Its pipeline is as follows:

```
VistModule
    | VisitFunction layout
        | VisitBasicBlock
            | Match inst's data operand is Slot type
                | workList: push inst 
    | Compute slot offset
    | foreach workList
        | fixup inst's operand with offset and size

```

## Register Allocation and Coalescing

Register allocation use linear scan method, its briefly steps as follows:

1. we analyze liveness in function, for input and output find live in and live out.
2. we insert spill and reload code, push it to worklist.
3. we rewrite the virtual register for the target register.

While the steps for register coalescing is as follows:

4. We traverse the `movrr` target instructions at basic block of function on the module.
5. If the two registers of operands are the same, then we push the instructions into the work list.
6. We can then remove the instructions in the work list from the function.

## Assembly Printing

The basic format of the Ola assembly language is as follows:

```plaintext
{symbol} {instruction | directive | pseudo-instruction} {; | // comment}
```

* **Symbol** indicates a symbol, which must start at the beginning of the line.
* **Instruction** indicates an instruction, it is usually preceded by two spaces.
* **Directive** indicates a pseudo operation.
* **Pseudo instruction** means a pseudo instruction.
* Directives, pseudo operations, and pseudo instruction helpers are all case-sensitive, but cannot be mixed.

### Assembly Instructions

For simplicity, pseudo operations and pseudo instructions like `.global` are not considered for now. Function entries that start with `funcName` and end with `:` are treated as a label. For example, `main:` defines a label for a function named main.
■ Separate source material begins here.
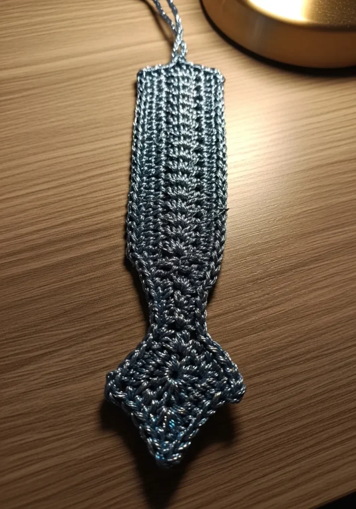 This slim crochet bookmark is worked in a cool toned gray yarn with a beautifully textured stitch pattern running from top to bottom. The design tapers slightly near the end and finishes with a subtle pointed tip that gives it a polished look. The tight stitching keeps it flat and sturdy, while the soft yarn ensures it will not damage book pages. A small loop at the top makes it easy to slip in and out of your favorite reads.

**Note:** The symbols that usually start with `.` indicate pseudo directives or pseudo operations, such as different segments. Symbols ending with `:` indicate labels, such as function names and basic block numbers.

### Instruction Format

The format of the internal assembly instruction is in the form of a three-address code:

```plaintext
<opcode> <Rd> <Rn> <shifter_operand>
```

* `Opcode` indicates the instruction helper, usually the instruction helper defined by OlaVM.
* `Rd` indicates the instruction operation destination register, which is usually the register defined by OlaVM.
* `Rn` indicates the first source operand of the instruction, usually a register defined by OlaVM.
* `shifter_operand` indicates the instruction data processing operand, usually an immediate or register defined by OlaVM.

### Memory Layout

After the program is loaded, `pc` points to the zero address and the function stack frame is switched according to the hierarchy of function calls, and the memory address stack grows from a low address to a high address. When prophets are present in the program, an indexed addressing register is required to interact with the prophet memory.